PROBLEM TO WORK ON |
Repeat the span of the entries below that starts at the line with "正方塑膠透明花瓶~$19" and ends at the line with "Sprijina creativitatea: cortul", nothing more. Skip the pictures.

EXTRACTED RECORDS |
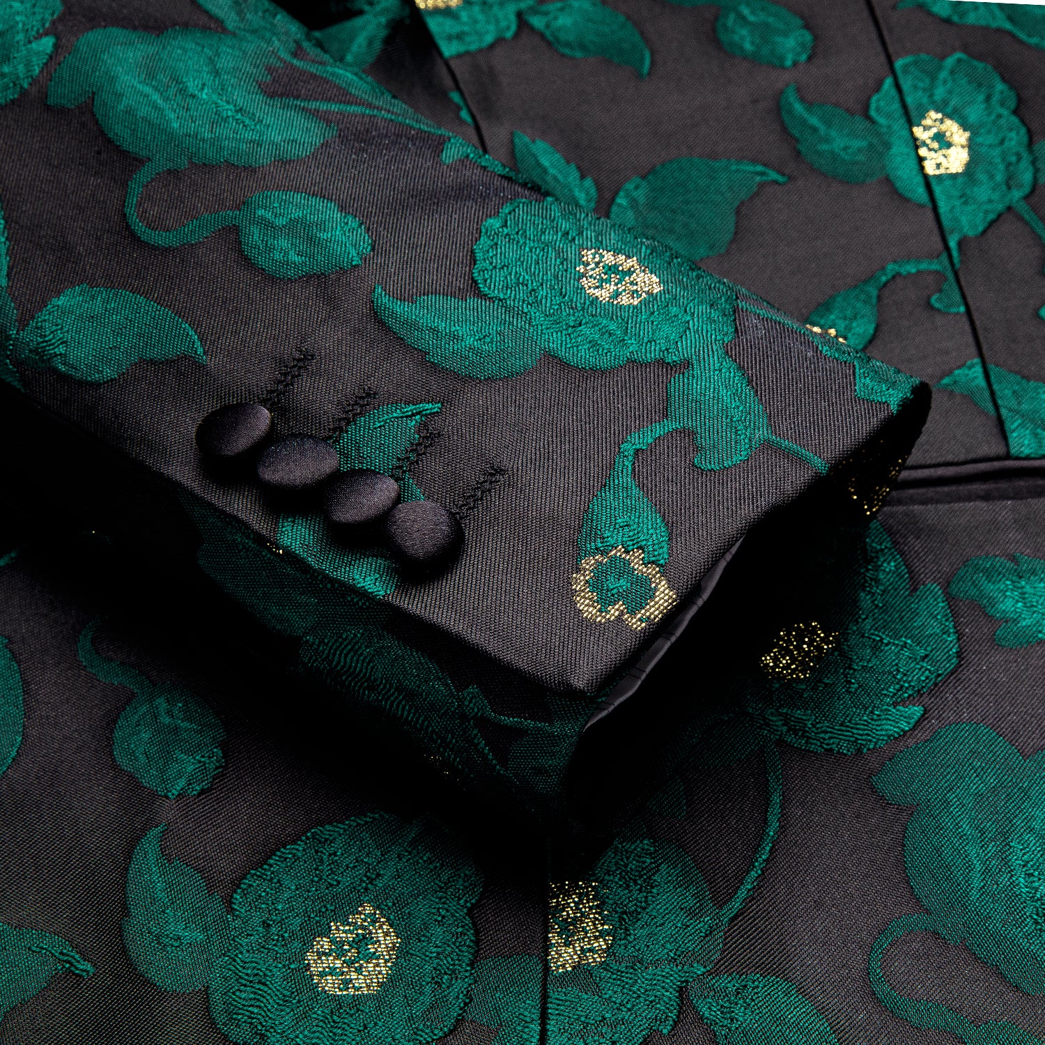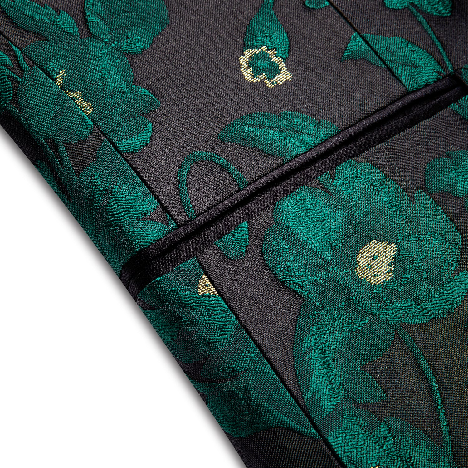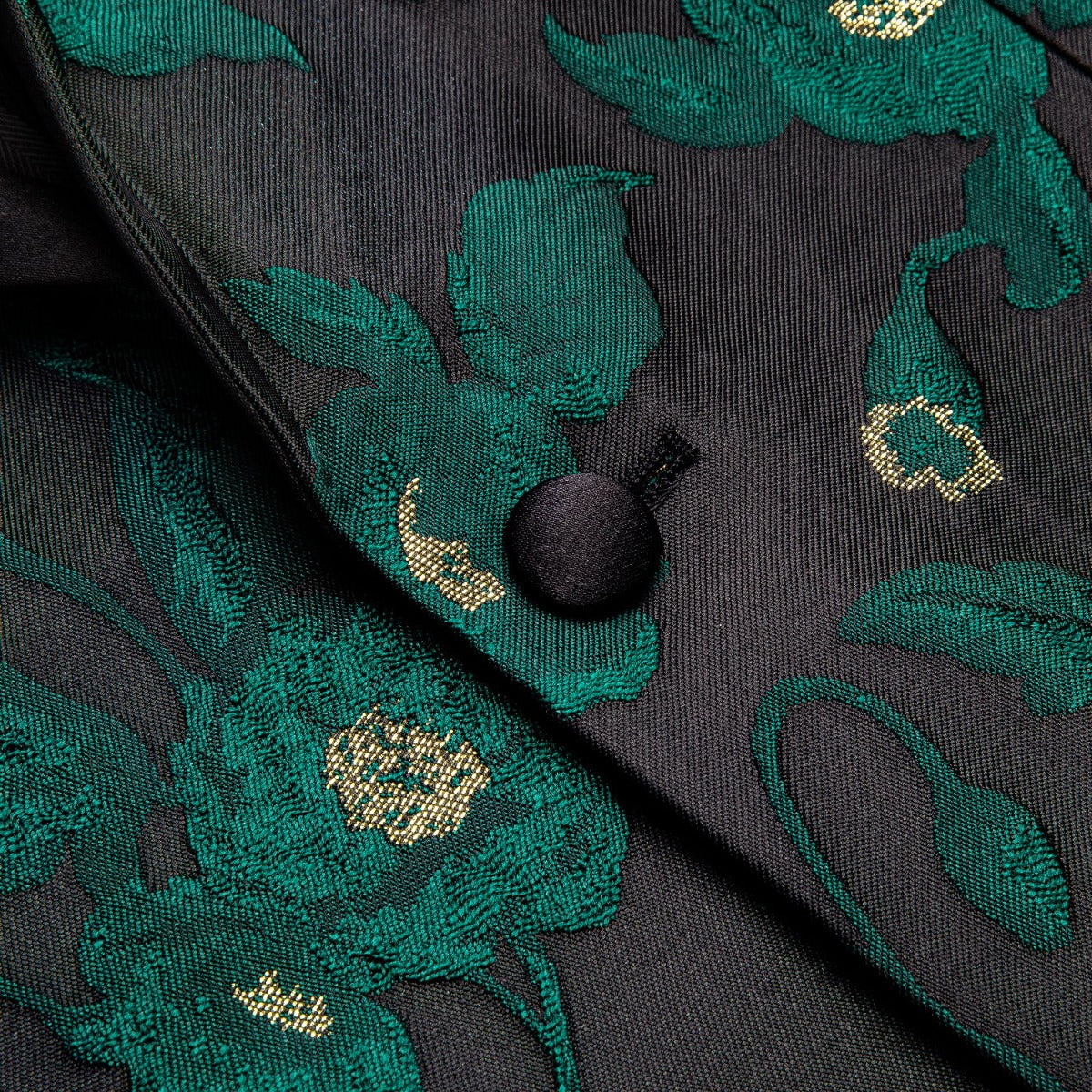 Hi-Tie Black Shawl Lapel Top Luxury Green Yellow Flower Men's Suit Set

...

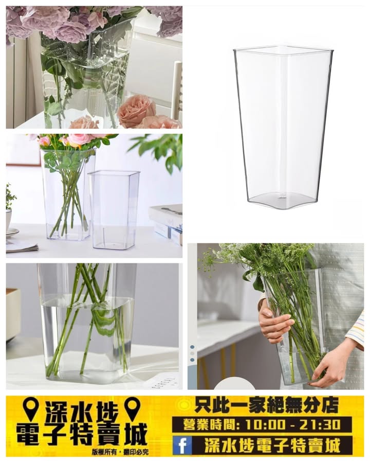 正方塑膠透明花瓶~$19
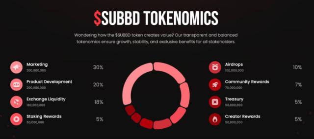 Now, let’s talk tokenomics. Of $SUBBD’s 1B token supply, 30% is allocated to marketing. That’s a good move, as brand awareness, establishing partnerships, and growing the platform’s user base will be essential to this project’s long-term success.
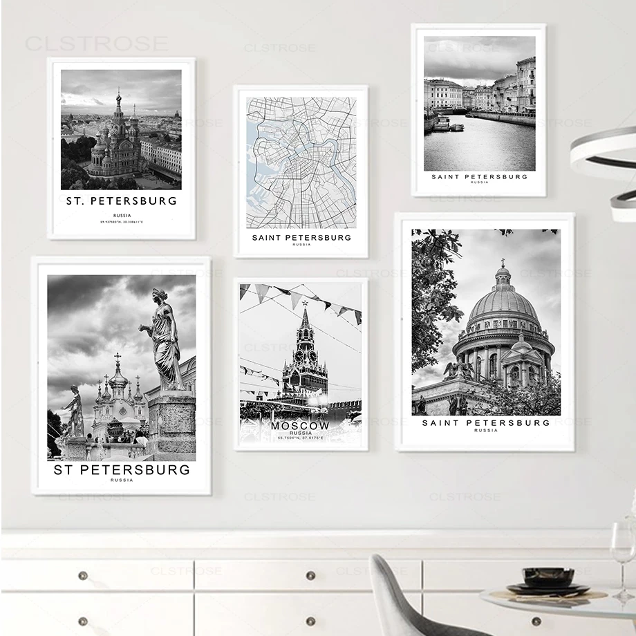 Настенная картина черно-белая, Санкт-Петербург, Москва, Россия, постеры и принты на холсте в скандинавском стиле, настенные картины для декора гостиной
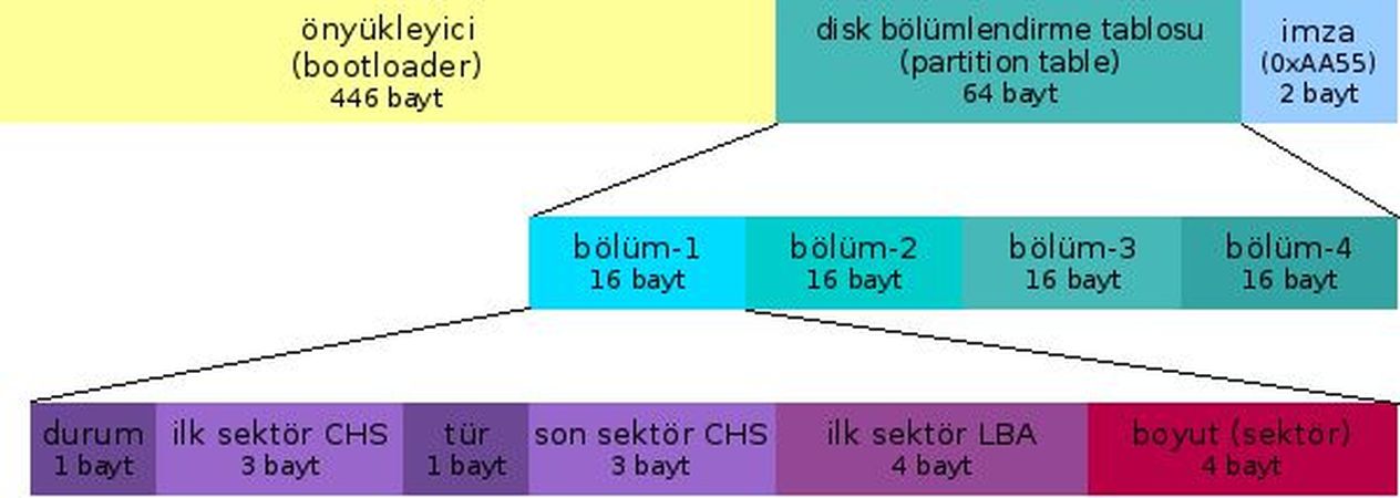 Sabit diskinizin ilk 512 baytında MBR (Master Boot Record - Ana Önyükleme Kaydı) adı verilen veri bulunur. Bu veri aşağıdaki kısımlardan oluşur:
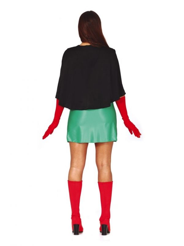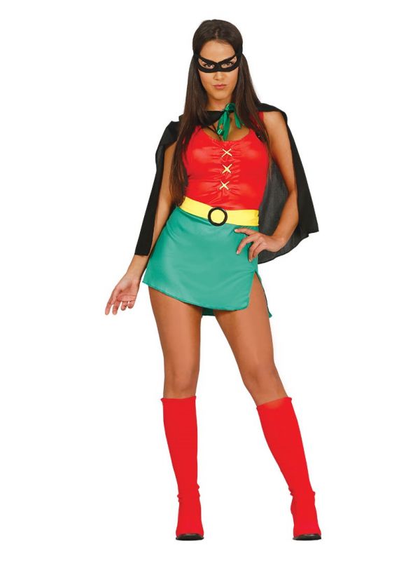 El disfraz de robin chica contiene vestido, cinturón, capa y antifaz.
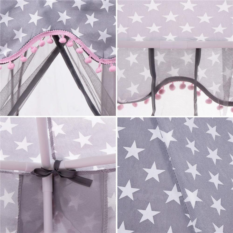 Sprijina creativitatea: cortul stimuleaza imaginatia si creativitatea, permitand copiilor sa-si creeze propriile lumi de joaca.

==

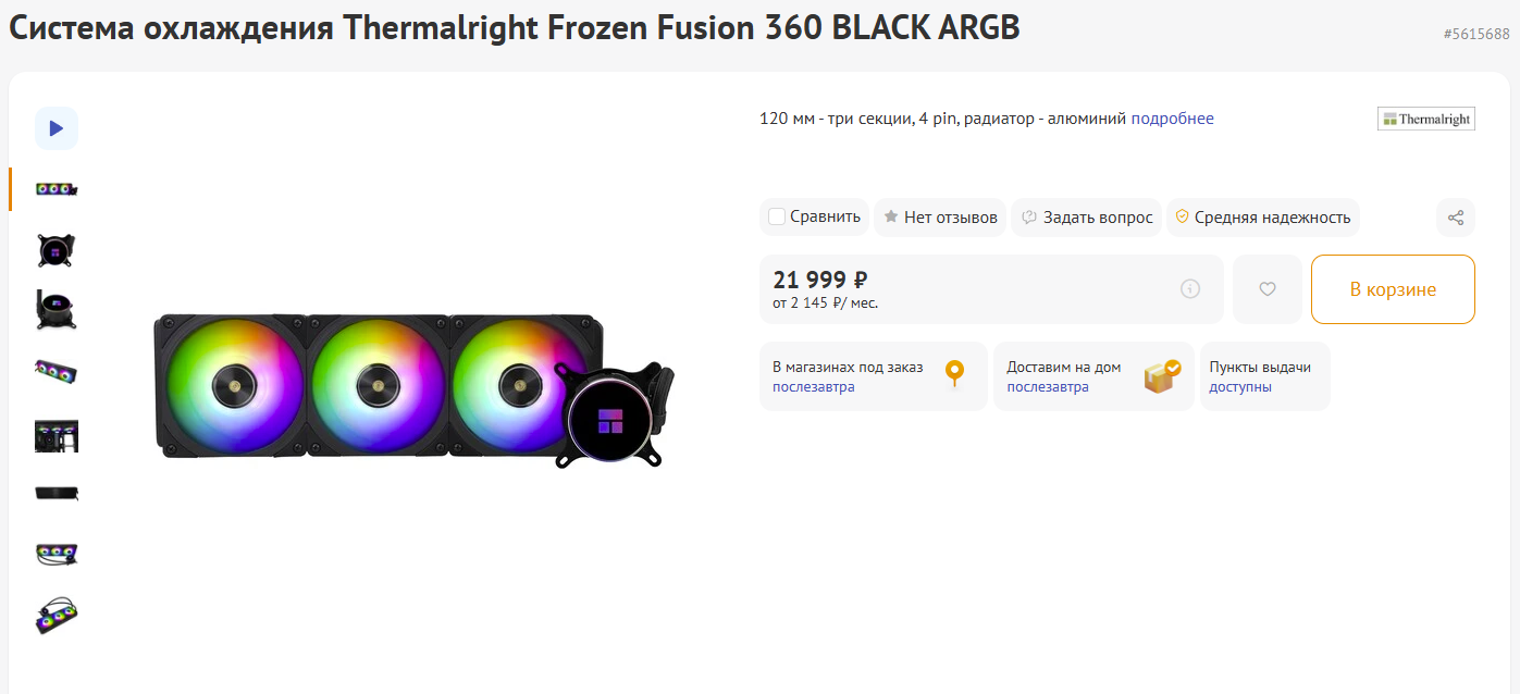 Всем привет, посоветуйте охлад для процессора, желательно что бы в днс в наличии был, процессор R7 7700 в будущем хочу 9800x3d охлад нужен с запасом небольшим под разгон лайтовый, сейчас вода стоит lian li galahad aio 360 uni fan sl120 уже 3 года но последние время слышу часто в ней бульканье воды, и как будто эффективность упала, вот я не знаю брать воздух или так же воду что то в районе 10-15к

OUTPUT FOR THIS TASK |
 正方塑膠透明花瓶~$19
 Now, let’s talk tokenomics. Of $SUBBD’s 1B token supply, 30% is allocated to marketing. That’s a good move, as brand awareness, establishing partnerships, and growing the platform’s user base will be essential to this project’s long-term success.
 Настенная картина черно-белая, Санкт-Петербург, Москва, Россия, постеры и принты на холсте в скандинавском стиле, настенные картины для декора гостиной
 Sabit diskinizin ilk 512 baytında MBR (Master Boot Record - Ana Önyükleme Kaydı) adı verilen veri bulunur. Bu veri aşağıdaki kısımlardan oluşur:
 El disfraz de robin chica contiene vestido, cinturón, capa y antifaz.
 Sprijina creativitatea: cortul stimuleaza imaginatia si creativitatea, permitand copiilor sa-si creeze propriile lumi de joaca.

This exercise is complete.